CARL: Well, the Soviet Union was about to enter the war. And at that point, Japan would have known that the war was essentially over, and Japan had been essentially defeated at that point. But there were some bitter-enders who probably would have fought to the last man. So the question is, at what point would the Emperor have decided to surrender and under what conditions? I believe that the war could have ended without the use of nuclear weapons, but I don't think that was ever a realistic possibility, because the United States had developed these weapons and wanted to use it to save the lives of US service members, to end the war, and to demonstrate this new technology they had to shape the post Cold War order by showing the Soviet Union that they had this trump card. So I think that we can imagine alternate histories in which the bomb wasn't used, but I think once it was developed, it was virtually inevitable that at least one bomb would have been used. Now, the Nagasaki bomb was used three days after the Hiroshima bomb, and Japan was still making sense of what happened. There were already some conditional surrender proposals that had surfaced at that point. So I think that we could have avoided the use of that second bomb, which killed over 70,000 people. But historians will debate this forever.

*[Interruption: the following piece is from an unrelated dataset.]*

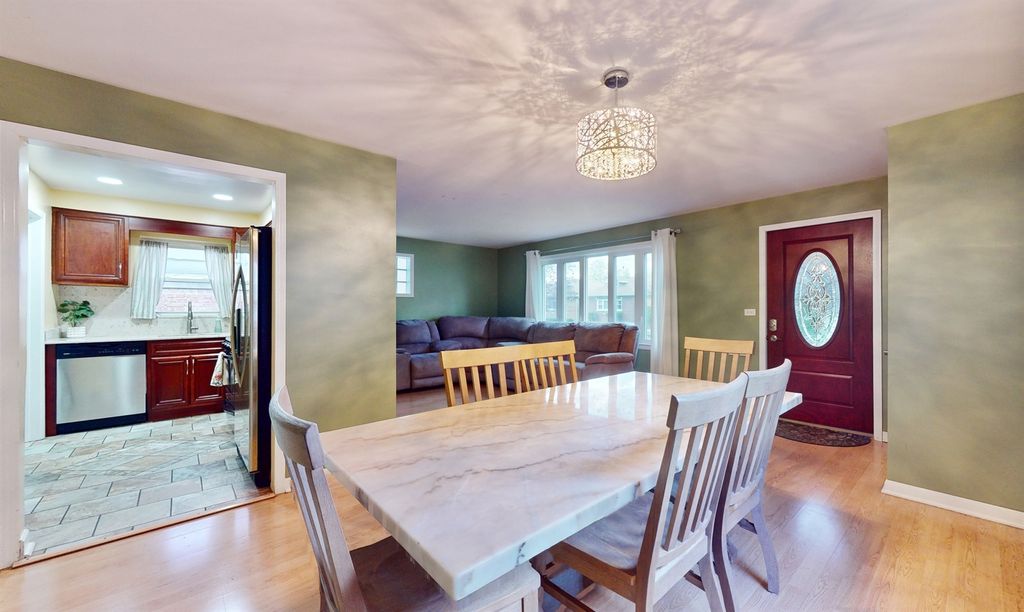 Situated in the desirable Cicero area, this raised ranch boasts a comfortable and stylish living space that is move-in ready. The bonus room on the main floor provides extra space for an office, playroom, or den. The main level boasts 2 bedrooms, an updated bathroom, a formal dining area, a spacious living room, and a modern kitchen with an eat-in bar, granite backsplash and countertops, and new A/C & furnace in 2025!. The full finished basement offers a perfect spot for family gatherings with a family room featuring tile flooring, laundry with a sink, and plenty of storage space. Additionally, a flood system control was installed only three years ago to ensure your peace of mind. Enjoy relaxing summer days on the covered patio, and take advantage of the spacious 2 1/2 car garage with a door to the backyard. Professionally landscaped in 2024. This property is sold as is. Conveniently located near I-290, I-55, shopping, Chicago downtown, and restaurants, this property won't be on the market for long! Schedule your showing today to see all that this property has to offer. Home is being sold as-is.

SPENCER: So one concern that people have about nuclear weapons is that the decisions that decision-makers have to make around them can be incredibly tense and difficult on short timelines. So for example, a decision maker may have to decide whether to initiate a counter attack, if they see on the radar that nuclear weapons might be heading towards their country. How can we help prevent issues that arise from these kinds of short timelines related to nuclear weapons?

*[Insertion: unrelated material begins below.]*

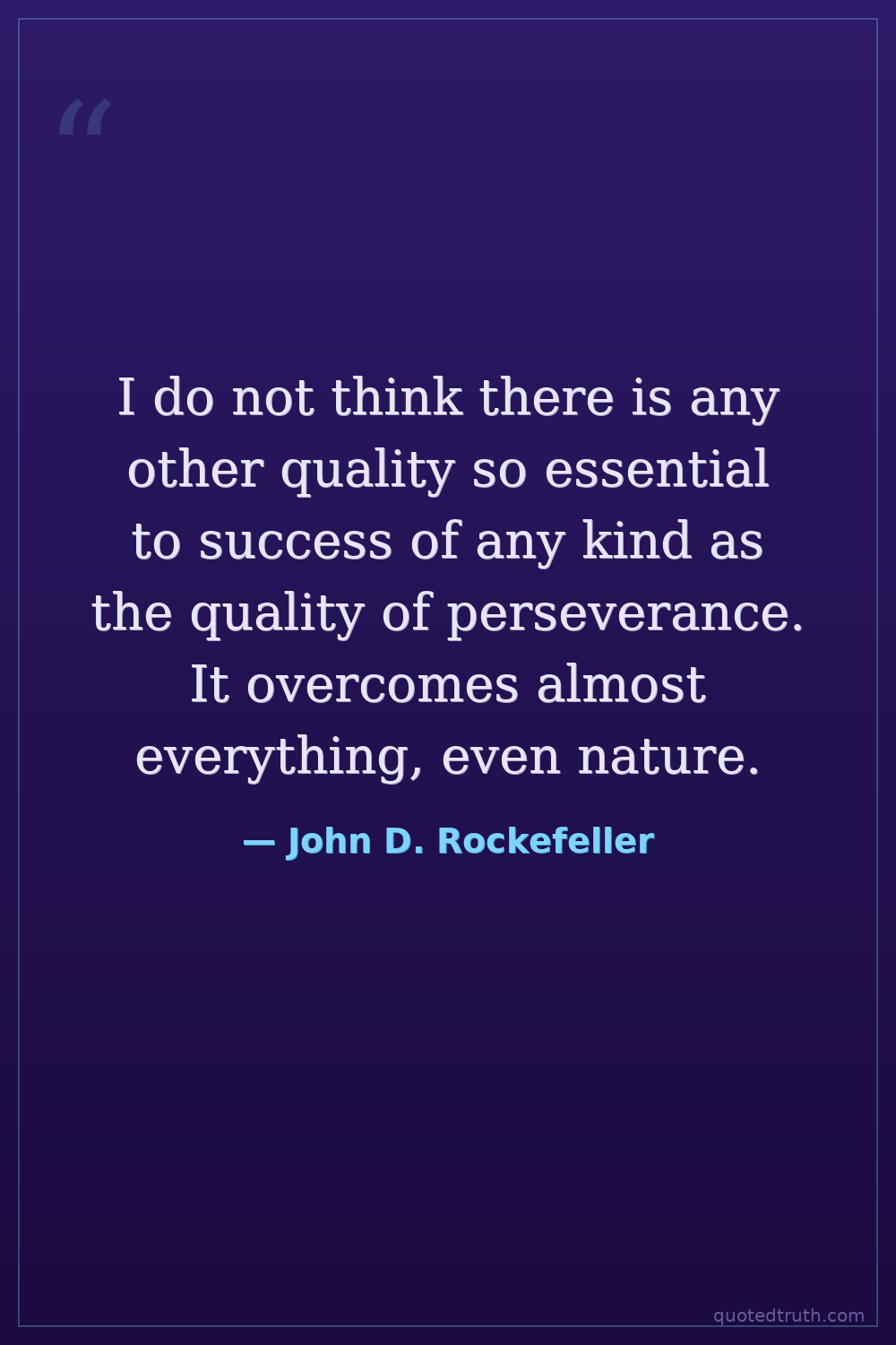 I do not think there is any other quality so essential to success of any kind as the quality of perseverance. It overcomes almost everything, even nature.

CARL: This is one of my fundamental fears. People don't make decisions well under extreme time pressure, especially when the stakes are high. And we should be doing everything we can to increase the amount of time that leaders will have to make that choice. So that means investing in command and control, and ensuring that we have good information as soon as possible about what's really going on on the ground. But a broader point: that time pressure is somewhat self-imposed because the United States and Russia, at least, have a secure second strike capability, which means that even if the adversary attacked with their best shot, they would be able to retaliate at their time of choosing. And so in some ways, this time pressure is self-imposed. We should remove that from our policy. So one way to do that would be to remove the intercontinental ballistic missiles from the Arsenal because they are one of the systems that's driving this need to respond quickly. The US submarines are essentially undetectable and could provide a secure second strike under all circumstances. So there's the decision making architecture, but there's also the nuclear architecture, and both of those could be changed in a way that makes us safer.

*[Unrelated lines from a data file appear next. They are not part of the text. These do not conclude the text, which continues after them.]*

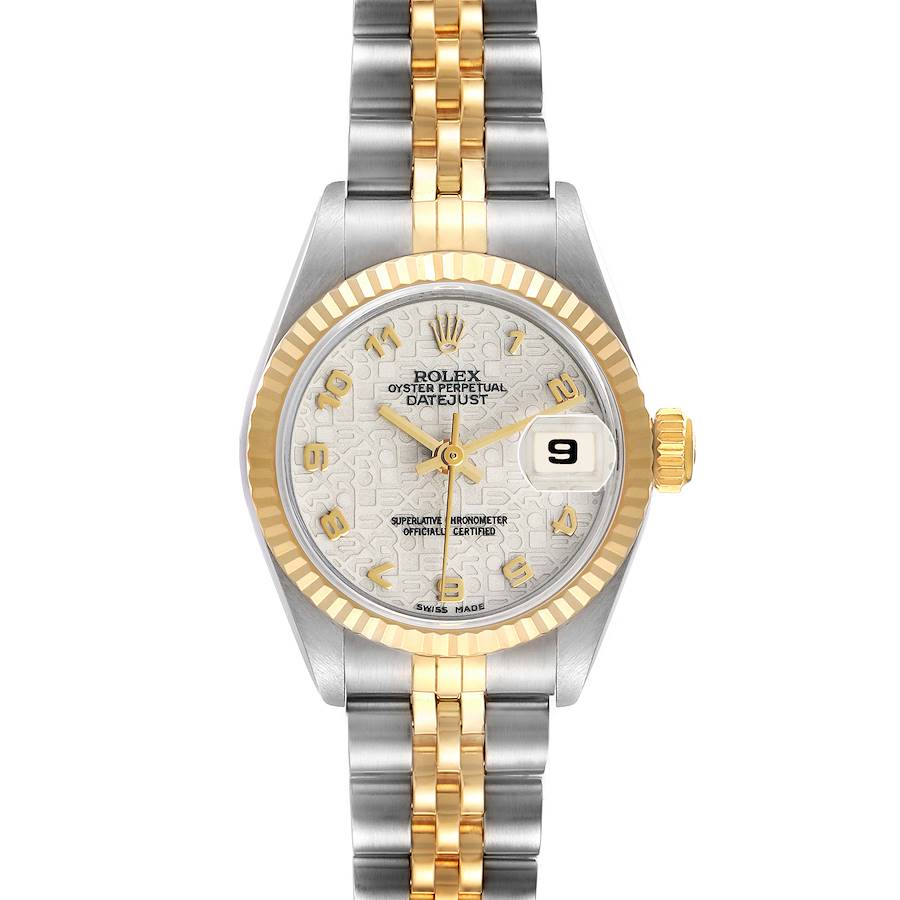 Rolex Datejust Ivory Anniversary Dial Steel Yellow Gold Ladies Watch 69173. Officially certified chronometer automatic self-winding movement. Stainless steel and 18k yellow gold oyster case 26.0 mm in diameter. Rolex logo on the 18k yellow gold crown. 18k yellow gold fluted bezel. Scratch resistant sapphire crystal with a cyclops magnifier. Ivory jubilee anniversary dial with raised yellow gold Arabic numeral hour markers and luminescent baton hands. Date calendar at the 3 o'clock aperture. Stainless steel and 18k yellow gold jubilee bracelet with a fold-over clasp. Fits a 6 1/2" wrist.
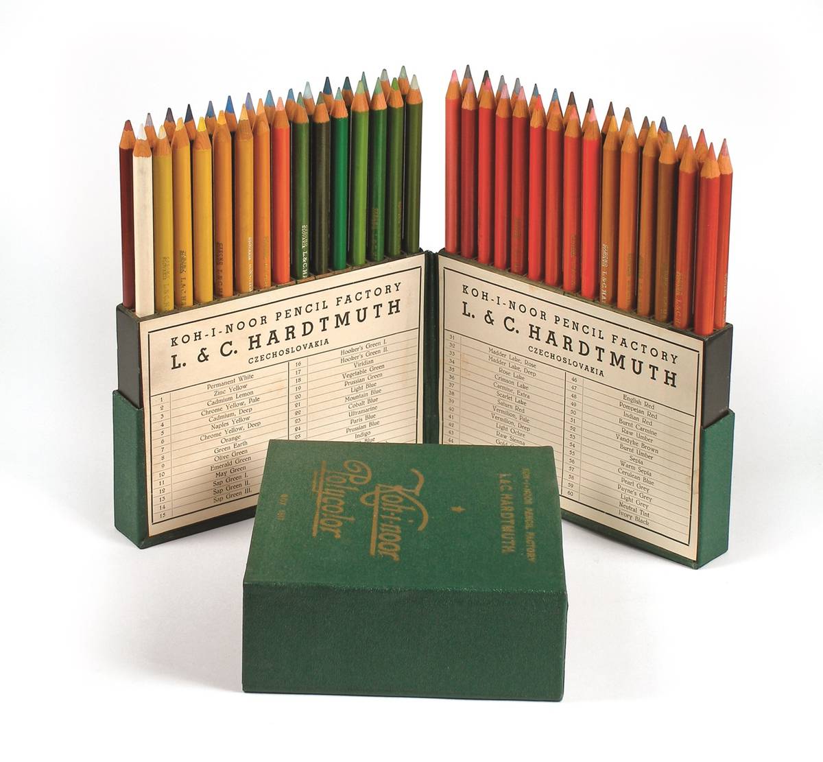 Koh-i-noor Hardtmuth, tužky. Ukázka sortimentu pastelek z 30. let 20. století.
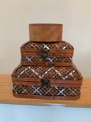 This lot includes a handmade wooden puzzle box with elaborately crafted sliding lid as well as a matched pair of woven storage boxes. All appear to be in great condition.
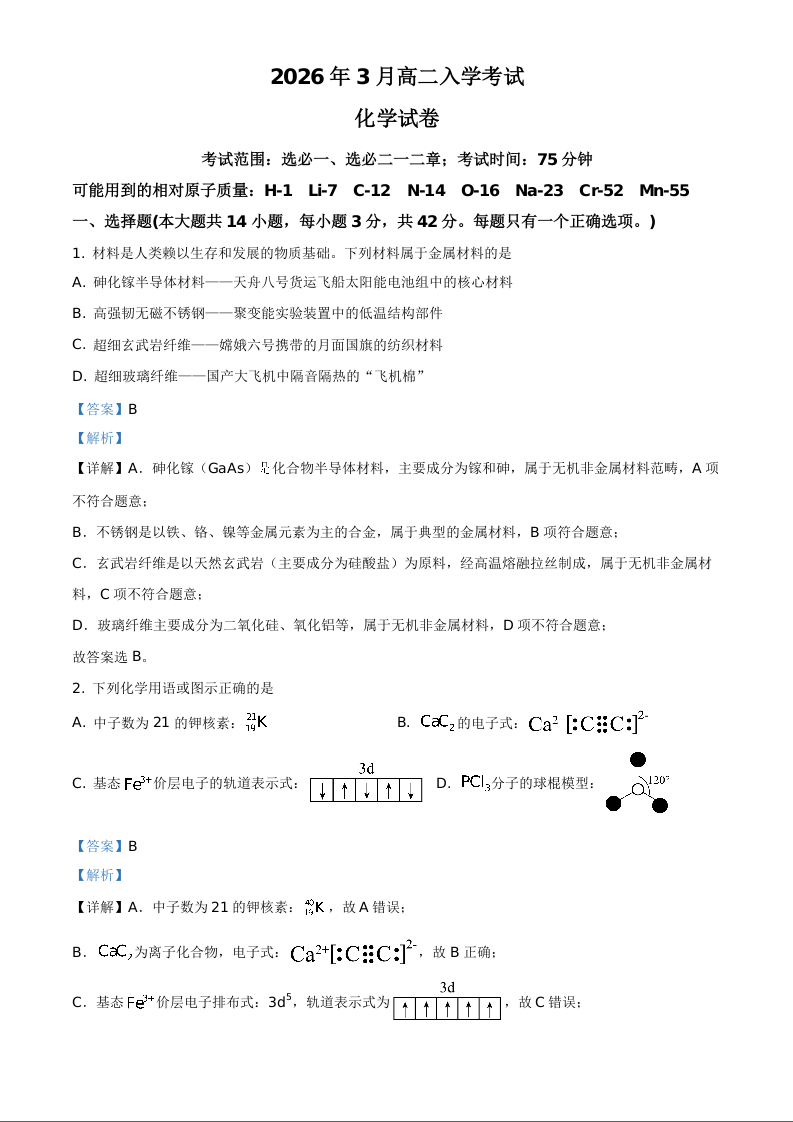 湖南省邵阳市第二中学2025-2026学年高二下学期入学考试 化学答案.docx
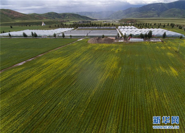 這是理塘縣濯桑鄉(xiāng)濯桑現(xiàn)代農(nóng)業(yè)雙創(chuàng)中心(2018年8月11日無人機拍攝)。理塘縣甲洼鎮(zhèn)、濯桑鄉(xiāng)等鄉(xiāng)鎮(zhèn)集中使用產(chǎn)業(yè)扶持資金,跨村集中抱團發(fā)展設施蔬菜大棚,讓貧困人口在園區(qū)獲得穩(wěn)定收益。新華社記者 江宏景 攝

SPENCER: Carl, thanks so much for coming on. This is a fascinating conversation.
CARL: Yeah, thank you.
JOSH: A listener wanted to know what you thought about the following question from Clearer Thinking's life changing questions program. Summarized in just a few sentences, what is your life story?
SPENCER: There are a lot of ways to talk about one's life story. You can talk about it very abstractly or concretely. Or you can say, "Well, first I was born in the city and I did this thing, etc." But I tend to lean towards more abstract. And so when I think about my life story, I think of it as the story of someone who is very technically inclined, like I love mathematics, I love computer science, but my real passion is psychology and trying to understand how human psychology works. That's really my life's focus. And so, I think of my life story as being someone who comes in with mathematical and computer science-based tools, but applying them to the very squishy topic of understanding human nature.